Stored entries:
★ ★ ★

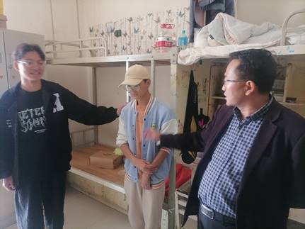 在中秋节来临之际,恰缝同学们由集中宿舍搬回自己原宿舍的第二天,也是同学们即将出校到民运会开闭幕式排练点进行最后紧张排练的关键时期。应用技术学院院长高培仁、党总支副书记厦国银、学工办主任杨嫦丽和工会组长杨志龙一行走访学生宿舍了解其住宿、生活和学习等各方面情况。
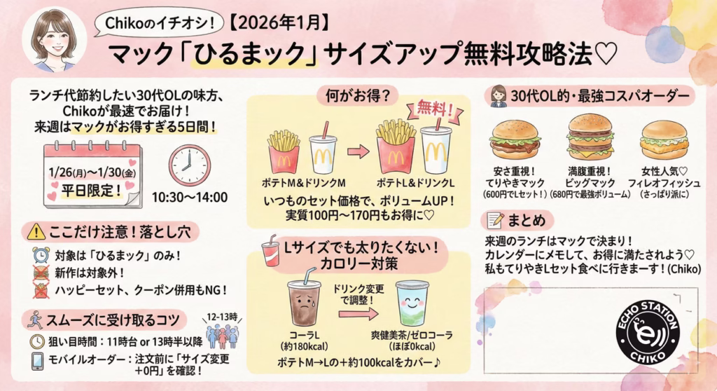 2026年1月26日(月)〜30日(金)の5日間限定で、ひるまックはポテト&ドリンクが“無料でLサイズ”に。
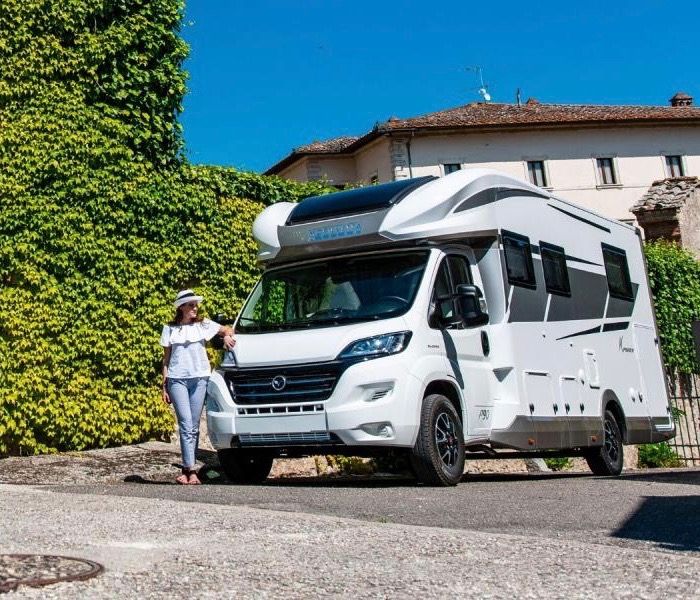 Camper semintegrale con letto nautico centrale.
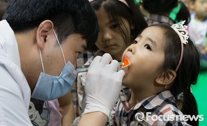 (대전=포커스뉴스) 9일 오전 구강보건의 날을 맞아 대전치과의사회 소속 치과의사들이 대전 서구 대전과학기술대학교에서 어린이집과 유치원 아동 5000여 명을 대상으로 무료 구강검진을 하고 있다.
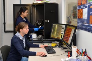 Sarah Wieghold (vorne) und Juan Li am Rastertunnelmikroskop / Bildquelle: Andreas Battenberg / TUM
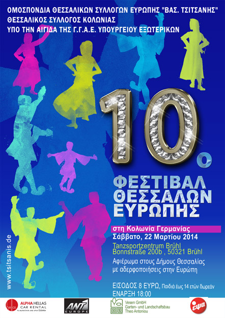 Η Ομοσπονδία Θεσσαλικών Συλλόγων Γερμανίας και άλλων κρατών Ευρώπης «ΒΑΣΙΛΗΣ ΤΣΙΤΣΑΝΗΣ» Α.Σ. και ο Θεσσαλικός Σύλλογος Κολωνίας» με τη συμμετοχή των Συλλόγων-Μελών (Μονάχου, Νυρεμβέργης, Βισμπάντεν, Ελβετία, Ντύσσελντορφ, Σβάινφουρτ, Βερολίνο, Γκύτερσλο και Μπίλεφελντ) και της ομάδας Θεσσαλών Ουγγαρίας, Αυστρίας, Δανίας, Γαλλίας και Ιρλανδίας διοργανώνουν το 10ο Φεστιβάλ Θεσσαλών Ευρώπης στη Κολωνία στις 22 Μαρτίου 2014.
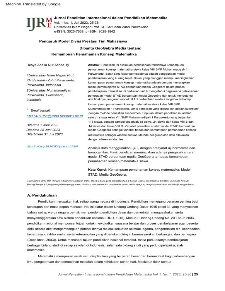 Machine Translated by Google Jurnal Penelitian Internasional dalam Pendidikan Matematika Vol. 1 No. 1, Juli 2023, 25-36 Universitas Islam Negeri Prof. KH Saifuddin Zuhri Purwokerto e-ISSN: 3025-7638, p-ISSN: 3025-1842 Pengaruh Model Divisi Prestasi Tim Mahasiswa Dibantu GeoGebra Media tentang Kemampuan Pemahaman Konsep Matematika Desya Adella Nur Afinda 1ÿ Abstrak: Penelitian ini dilakukan berdasarkan rendahnya kemampuan pemahaman konsep matematika siswa kelas VIII SMP Muhammadiyah 1 1Universitas Islam Negeri Prof. KH Saifuddin Zuhri Purwokerto, Purwokerto, Indonesia 2Universitas Muhammadiyah Purwokerto, Purwokerto, Indonesia Purwokerto. Salah satu faktor penyebabnya adalah penggunaan model pembelajaran yang kurang tepat. Solusi yang dianggap mampu meningkatkan kemampuan pemahaman konsep matematika adalah dengan menerapkan model pembelajaran STAD berbantuan media Geogebra dalam proses pembelajaran. Penelitian ini bertujuan untuk mengetahui bagaimana pelaksanaan penerapan model STAD berbantuan media Geogebra dan untuk mengetahui ada tidaknya pengaruh model STAD berbantuan media Geogebra terhadap kemampuan pemahaman konsep matematika siswa kelas VIII SMP ÿ Muhammadiyah 1 Purwokerto. Jenis penelitian yang digunakan adalah kuantitatif Email terkait: dengan metode penelitian eksperimen. Populasi dalam penelitian ini adalah [email protected] seluruh siswa kelas VIII SMP Muhammadiyah 1 Purwokerto yang berjumlah 118 siswa, dengan sampel sebanyak 38 siswa, 24 siswa dari kelas VIII B dan Diterima 7 Juni 2023 Diterima 28 Juni 2023 Diterbitkan 31 Juli 2023 14 siswa dari kelas VIII D. Variabel penelitian adalah model STAD berbantuan media Geogebra sebagai variabel bebas dan kemampuan pemahaman konsep matematika sebagai variabel terikat. Metode pengumpulan data dilakukan dengan observasi dan tes. https:// doi.org/ 10.24090/ ijrme.v1i1.8540 Analisis data menggunakan uji-T, dengan prasyarat uji normalitas dan homogenitas. Hasil penelitian menunjukkan adanya pengaruh antara model STAD berbantuan media GeoGebra terhadap kemampuan pemahaman konsep matematika siswa. Kata Kunci: Kemampuan pemahaman konsep matematika; Model STAD; Media GeoGebra. Hak Cipta © 2023 oleh Penulis. Artikel ini merupakan artikel akses terbuka yang didistribusikan di bawah Lisensi Internasional Creative Commons AtribusiBerbagiSerupa 4.0 yang mengizinkan penggunaan, distribusi, dan reproduksi tanpa batas dalam media apa pun, dengan syarat karya asli dikutip dengan benar. A. Pendahuluan Pendidikan merupakan hak setiap warga negara di Indonesia. Pendidikan memegang peranan penting bagi kehidupan dan masa depan manusia. Hal ini diatur dalam Undang-Undang Dasar 1945 pasal 31 yang menyatakan bahwa setiap warga negara berhak memperoleh pendidikan dasar dan pemerintah mengusahakan serta menyelenggarakan satu sistem pendidikan nasional (UUD, 1945). Menurut Undang-Undang No. 20 Tahun 2003, pendidikan nasional mempunyai tujuan untuk mewujudkan suasana belajar dan proses pembelajaran agar peserta didik secara aktif mengembangkan potensi dirinya melalui kekuatan spiritual, agama, pengendalian diri, kepribadian, kecerdasan, akhlak mulia, serta keterampilan yang diperlukan dirinya. bermasyarakat, berbangsa, dan bernegara (Depdiknas, 2003)). Untuk mencapai tujuan pendidikan nasional tersebut, maka perlu adanya pembelajaran berbagai bidang studi di setiap sekolah di Indonesia, salah satu bidang studi yang perlu dipelajari adalah matematika. Matematika merupakan salah satu disiplin ilmu yang berperan besar dan bermanfaat bagi perkembangan ilmu pengetahuan dan pemecahan masalah dalam kehidupan sehari-hari. Meskipun tidak semua Jurnal Penelitian Internasional dalam Pendidikan Matematika Vol. 1 No. 1, 2023, 25-36 | 25 Machine Translated by Google Afinda, DAN, Pengaruh Siswa... Masalah matematika merupakan masalah yang kompleks, dan matematika berperan penting dalam penyelesaian masalah. Selain itu, matematika juga merupakan salah satu mata pelajaran utama di setiap jenjang pendidikan (Kamarullah, 2017). Oleh karena itu, penguasaan matematika sangat dibutuhkan di setiap jenjang pendidikan, salah satunya pendidikan menengah. Mengingat pentingnya pembelajaran matematika bagi pendidikan dan kelangsungan hidup, setiap siswa, baik usia dini hingga paruh baya, harus mampu menguasai matematika. Menurut Permendiknas No. 22 Tahun 2006, pembelajaran matematika bertujuan agar peserta didik memiliki kemampuan memahami konsep matematika, menjelaskan keterkaitan antar konsep, dan menerapkan konsep atau algoritma secara fleksibel, akurat, efisien, dan tepat dalam menyelesaikan masalah (BSNP, 2006). Selain itu, tujuan pembelajaran matematika juga tertuang dalam Permendiknas tahun 2003 yang bertujuan agar peserta didik memiliki kemampuan memahami konsep matematika, melakukan penalaran, pemecahan masalah, komunikasi matematika dengan tabel, simbol, diagram, dan lain-lain, serta memiliki sikap menghargai penerapan matematika dalam kehidupan sehari-hari (Depdiknas, 2003). Dari penjelasan tersebut untuk mencapai tujuan pembelajaran matematika, peserta didik harus menguasai beberapa kemampuan, salah satunya adalah kemampuan pemahaman konsep matematika. Pemahaman konseptual merupakan kemampuan dasar yang sangat penting untuk dimiliki siswa. Pentingnya pemahaman konsep dikemukakan oleh Santrock dalam buku Hendriana (2021) yang mengatakan bahwa pemahaman konsep merupakan faktor penting dalam proses pembelajaran. Dalam memahami konsep siswa tidak hanya menghafal konsep yang telah dipelajarinya, tetapi juga mampu mengungkapkan kembali dalam bahasa sendiri atau bentuk lain yang mudah dipahami, memberikan interpretasi data dan mampu menerapkan konsep dalam berbagai pemecahan masalah (Sanjaya, 2009). Pentingnya kemampuan siswa dalam mengungkapkan kembali konsep dalam bahasa sendiri, memberikan interpretasi data, dan menerapkan konsep dalam pemecahan masalah adalah agar siswa dapat membangun pemahaman yang lebih mendalam dan bermakna. Hal ini sejalan dengan pendapat Winarno yang dik

★ ★ ★

Write out exactly the lines above, from the very first through the line containing "Η Ομοσπονδία Θεσσαλικών", both kept, with the pictures removed.

 在中秋节来临之际,恰缝同学们由集中宿舍搬回自己原宿舍的第二天,也是同学们即将出校到民运会开闭幕式排练点进行最后紧张排练的关键时期。应用技术学院院长高培仁、党总支副书记厦国银、学工办主任杨嫦丽和工会组长杨志龙一行走访学生宿舍了解其住宿、生活和学习等各方面情况。
 2026年1月26日(月)〜30日(金)の5日間限定で、ひるまックはポテト&ドリンクが“無料でLサイズ”に。
 Camper semintegrale con letto nautico centrale.
 (대전=포커스뉴스) 9일 오전 구강보건의 날을 맞아 대전치과의사회 소속 치과의사들이 대전 서구 대전과학기술대학교에서 어린이집과 유치원 아동 5000여 명을 대상으로 무료 구강검진을 하고 있다.
 Sarah Wieghold (vorne) und Juan Li am Rastertunnelmikroskop / Bildquelle: Andreas Battenberg / TUM
 Η Ομοσπονδία Θεσσαλικών Συλλόγων Γερμανίας και άλλων κρατών Ευρώπης «ΒΑΣΙΛΗΣ ΤΣΙΤΣΑΝΗΣ» Α.Σ. και ο Θεσσαλικός Σύλλογος Κολωνίας» με τη συμμετοχή των Συλλόγων-Μελών (Μονάχου, Νυρεμβέργης, Βισμπάντεν, Ελβετία, Ντύσσελντορφ, Σβάινφουρτ, Βερολίνο, Γκύτερσλο και Μπίλεφελντ) και της ομάδας Θεσσαλών Ουγγαρίας, Αυστρίας, Δανίας, Γαλλίας και Ιρλανδίας διοργανώνουν το 10ο Φεστιβάλ Θεσσαλών Ευρώπης στη Κολωνία στις 22 Μαρτίου 2014.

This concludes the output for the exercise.